Tragisches Verhalten


Doch dann geschah etwas Unerwartetes: Es setzte ein Ringen um wenige kleine, ja fast schon unscheinbare Vertragsdetails ein. Argumente wurden ausgetauscht, Positionen erläutert. Der Prozess wurde zäh und kam ins Stocken bis eine Partei verkündete: „Ich verhandele diese Dinge nicht“. 

Nach einigem hin und her erkannte man schließlich, dass eine Basis für eine Zusammenarbeit nicht gegeben ist. Man ging auseinander, die Zusammenarbeit implodierte. Und mit ihr der Mehrwert, der eben noch zum Greifen nah war.
 


Ein solcher Ablauf ist vermutlich sehr typisch und kommt täglich tausendfach vor. Doch wie kommt es dazu? 

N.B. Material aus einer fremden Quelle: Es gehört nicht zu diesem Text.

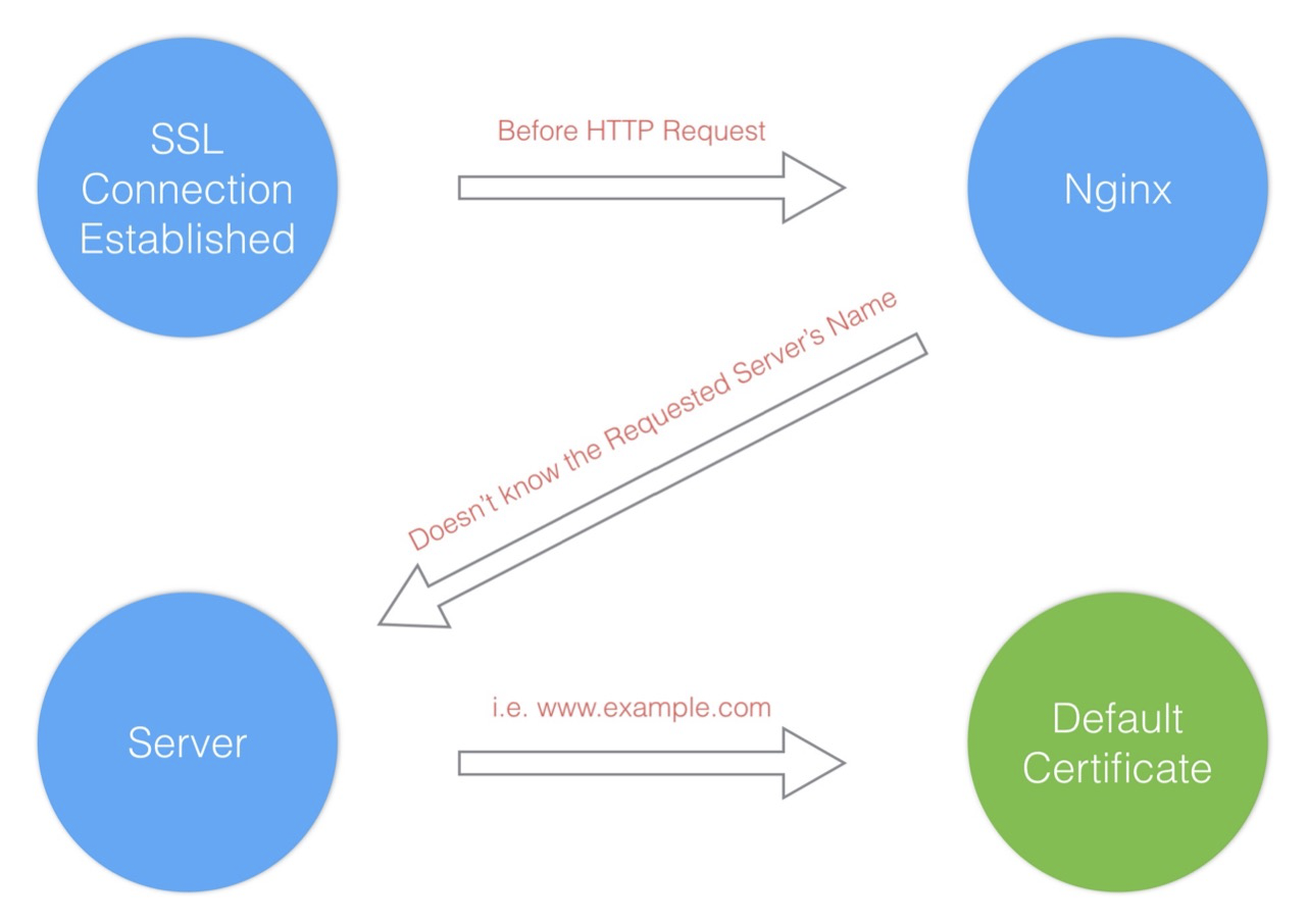 这是因为 SSL 协议行为所致,SSL 连接在浏览器发送 HTTP 请求之前就被建立,Nginx 并不知道被请求的服务器名字,因此 Nginx 只会提供默认的服务器证书。

Warum scheitern hoffnungsfroh gestartete Kooperationen, die den so wichtigen Mehrwert versprechen, ausgerechnet am Feilschen um unbedeutende Kleinigkeiten, wo man doch überzeugt ist, so viel Größeres schaffen zu können? Ist das nicht paradox, ja geradezu tragisch?

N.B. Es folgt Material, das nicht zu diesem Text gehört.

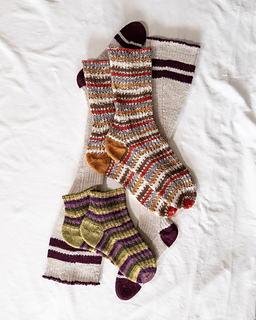 The socks can be made to any length, from shorties to retro knee-highs, helping you make the most of your yarn.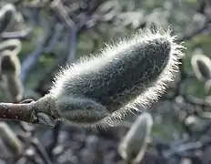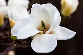 Magnolia × soulangeana (Magnolia denudata × Magnolia liliiflora), the saucer magnolia or sometimes the tulip tree,[1][2][lower-alpha 1] is a hybrid flowering plant in the genus Magnolia and family Magnoliaceae. It is a deciduous tree with large, early-blooming flowers in various shades of white, pink, and purple. It is one of the most commonly used magnolias in horticulture, being widely planted in the British Isles, especially in the south of England; and in the United States, especially the east and west coasts.[3]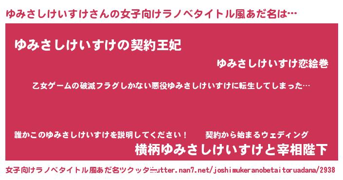 | 男性向けラノベタイトル風あだ名 | 『魔弾の王とゆみさしけいすけ』 |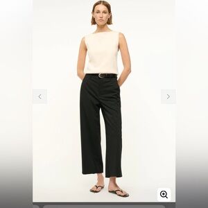 High-rise wide leg jean in Japanese stretch denim. Trouser details. Side slash pockets. Back welt pockets. Zip fly. Shank closure. Belt loops.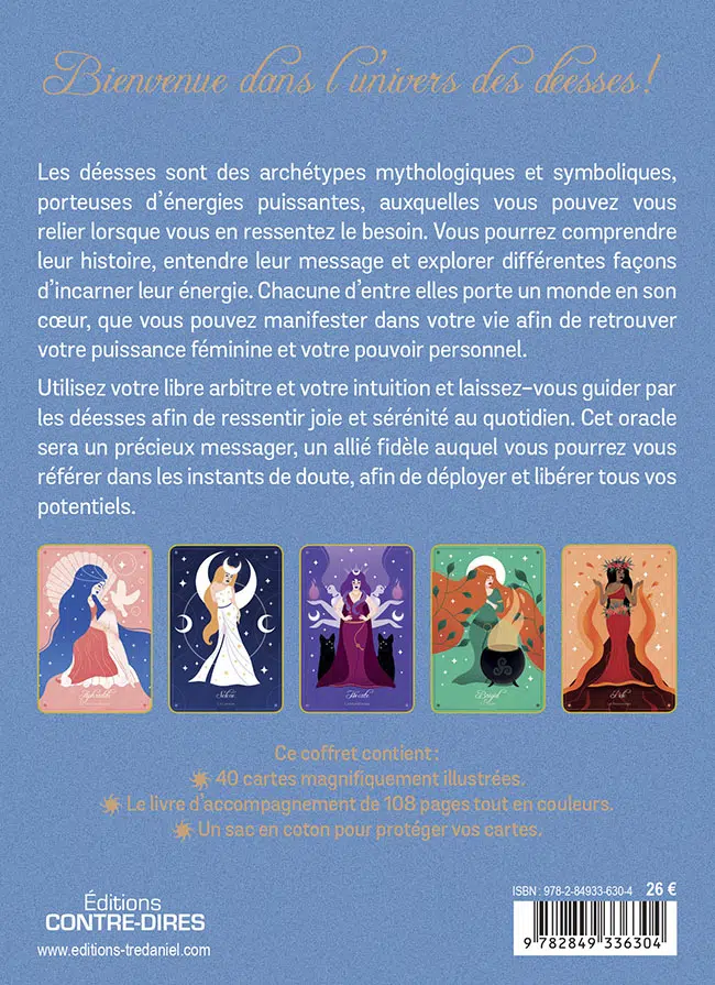 Utilisez votre libre arbitre et votre intuition et laissez-vous guider par les déesses afin de ressentir joie et sérénité au quotidien. Cet oracle sera un précieux messager, un allié fidèle auquel vous pourrez vous référer dans les instants de doute, afin de déployer et libérer tous vos potentiels.

In Verhandlungen stehen zwar Bedingungen im Vordergrund, in Wirklichkeit aber wird ein gemeinsames Wertesystem ausgelotet, das das Fundament für die Zusammenarbeit ergibt und durch konkrete Regelungen sichtbar wird. Dieses System ist der eigentliche Motor jeder Geschäftsbeziehung.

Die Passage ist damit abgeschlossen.